Последнее справедливо, но вот только это решение созрело у П.А. Муханова далеко не в 1826 г. и даже не два-три года спустя, а несколько позднее. Можно с достаточной долей уверенности утверждать, что, отправляясь в Сибирь, он не имел планов женитьбы на кн. Варваре, что же касается его любви к ней, то и здесь все достаточно неоднозначно и ничего нельзя утверждать наверняка. Попытаемся представить несколько иную версию событий.
Мы знаем одно - практически сразу же после оглашения приговора Варвара без раздумий едет в Сибирь вместе с семейством своей сестры Прасковьи (Полины) Михайловны Муравьевой. Это происходит поздним вечером 26 июля 1826 г. Кроме Варвары с ними следует еще княжна Екатерина - старшая из незамужних сестер Шаховских, но она «делегирована» семьей, чтобы поддержать Полину, здоровье которой было в неважном состоянии (она болела чахоткой), помочь ей в воспитании дочери и просто разделить с ней тяготы ссылки, чтобы разлука с домом не была такой чувствительной.
Почему с Муравьевыми поехала Варвара - было для всех непонятно и с самого начала вызвало недоумение в обществе. В.М. Шаховская приехала в Петербург вместе с матерью кн. Е.С. Шаховской 4 июля 1826 г., поводом к поездке, согласно дневнику молодой княгини Елизаветы Александровны Шаховской, стала «болезнь тетки Пушкиной», кроме того, конечно же, «мама была очень рада приехать сюда, чтобы побыть вместе с Полиной».
Уже тогда не подлежало обсуждению, что, какова бы ни была участь А.Н. Муравьева, его жена всюду последует за ним. Она выехала в столицу из Москвы еще 13 января, через два дня после ареста мужа, ее сопровождали сестры Екатерина и Елизавета (Лили). Как видим, даже само прибытие Варвары в Петербург выглядело достаточно случайным.

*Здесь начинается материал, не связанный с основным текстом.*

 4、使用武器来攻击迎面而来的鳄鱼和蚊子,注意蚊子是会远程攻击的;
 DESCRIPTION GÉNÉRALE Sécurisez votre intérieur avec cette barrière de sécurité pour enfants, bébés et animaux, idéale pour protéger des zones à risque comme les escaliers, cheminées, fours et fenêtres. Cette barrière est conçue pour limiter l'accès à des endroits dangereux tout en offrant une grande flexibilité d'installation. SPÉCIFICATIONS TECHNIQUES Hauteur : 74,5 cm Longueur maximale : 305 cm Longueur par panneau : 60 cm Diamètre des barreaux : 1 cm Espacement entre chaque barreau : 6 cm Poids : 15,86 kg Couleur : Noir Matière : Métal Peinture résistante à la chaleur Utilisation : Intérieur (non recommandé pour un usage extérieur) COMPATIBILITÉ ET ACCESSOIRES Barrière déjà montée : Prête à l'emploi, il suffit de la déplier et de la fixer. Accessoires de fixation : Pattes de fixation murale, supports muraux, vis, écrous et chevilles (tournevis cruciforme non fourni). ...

Провожать трех сестер и маленькую Софью Муравьеву до первой станции прибыло все многочисленное семейство Шаховских в сопровождении ближайших родственников и друзей. Вот как описывает отправление своячениц в Сибирь княгиня Елизавета Шаховская, сестра Петра Муханова: «26-го в 9 часов вечера мы узнали, что они готовы к отъезду <...>. В 10 часов мы приехали в церковь Всех Скорбящих. Было как-то торжественно и необыкновенно <...>. Было поздно, нас было много <...>.
После службы спросили Бабет, куда она едет, и у нее не хватило решимости сказать, что они уезжают в Якутск». Из этого краткого, но исчерпывающего свидетельства можно заключить, что отъезд Варвары вместе с Полиной удивил многих и даже вызвал прямые расспросы, не совсем уместные, вызвавшие у нее смущение и неловкость до такой степени, что она даже не смогла на них ответить… Неопределенность и двусмысленность заключались в поездке кн. Варвары в Сибирь вместе с семейством А.Н. Муравьева с самого начала.

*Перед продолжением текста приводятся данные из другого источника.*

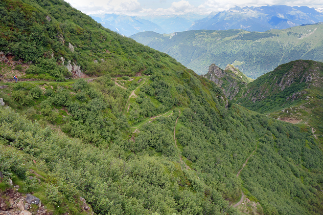 in zigzags bergab
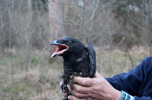 Bij onze Vogelwerkgroep trekken leden, waaronder Gerbrand Groen, er regelmatig op uit om te kijken of er weer Raven broeden en of er nog nieuwe nestlocaties zijn. Als er jongen zijn en deze groot genoeg zijn om te ringen, komt het vaste ringteam in actie, zodat de jongen geringd kunnen worden.
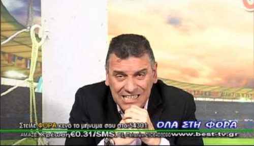 ถังขยะโทรทัศน์ช่องและสูงสุดในการแสดง 'ทั้งหมดฟอรัม'. ผู้นำเสนอ Georgountzos ริบไปบ้าสำหรับสองชนะติดต่อกันของ Kalamata, ว่า จะลบจากการเพิ่มขึ้นของ b ethniki. ฉากทั่วไปที่4:15 ที่พรีเซ็นเตอร์ทำแก้วแตกและหลังจากนั้นไม่กี่นาที7:50 กำลังหามันอีกครั้ง.
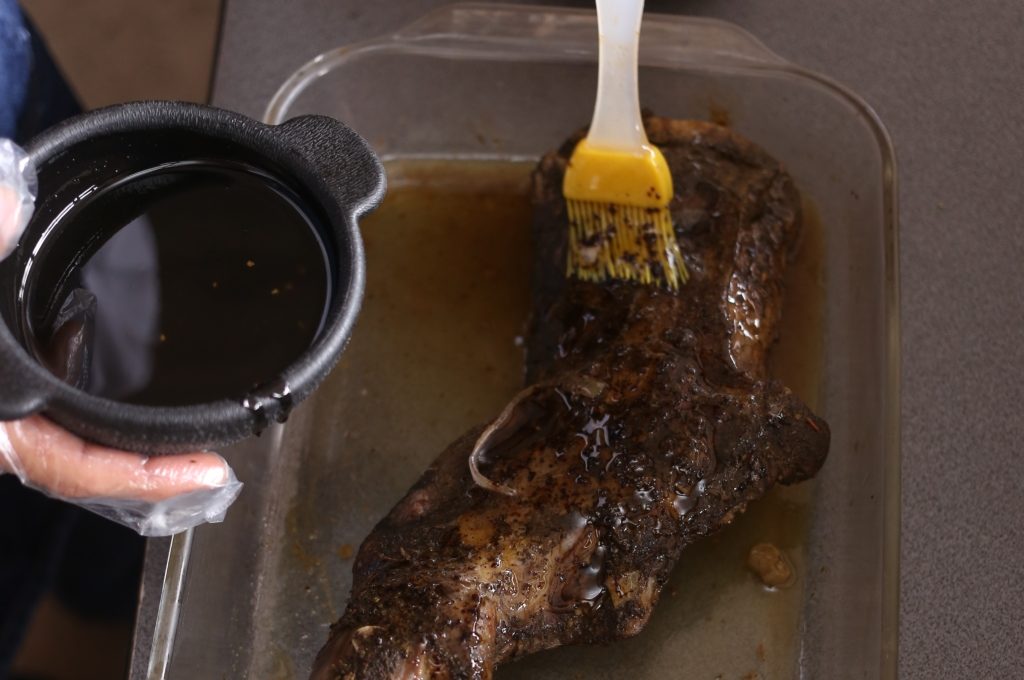 Para brochar. Brochar la pieza se debe preparar un marinado con aceite saborizado con ajo, cilantro, romero o chile cabro. Esto para que se le pegue bien el marinado a la carne y quede dorado.

И.Д. Якушкин в своих записках сообщает о своей встрече с В.М. Шаховской в с. Тарбагатай по пути следования в Читинский острог в начале декабря 1827 г. и деликатно отмечает: «Она приехала как будто для того, чтобы приискать кормилицу для сестры своей, и надеялась встретить тут Муханова, с которым она была в родстве и очень знакома». Но И.Д. Якушкин писал свои записки спустя много лет и мог перенести на бумагу свои более поздние впечатления и полученную информацию, но даже и в этом случае он высказался достаточно осторожно.
Решение следовать в Сибирь созрело у Варвары Шаховской, вероятно, достаточно быстро, и огромную роль для этого судьбоносного шага сыграли, конечно же, ее личные встречи с Петром Мухановым, состоявшиеся 17 и 26 июля 1826 г. в Петропавловской крепости. (Если учесть, что вторая из них произошла в самый день ее отъезда в Сибирь, то ясно, что уже к тому моменту В.М. Шаховская приняла окончательное решение.)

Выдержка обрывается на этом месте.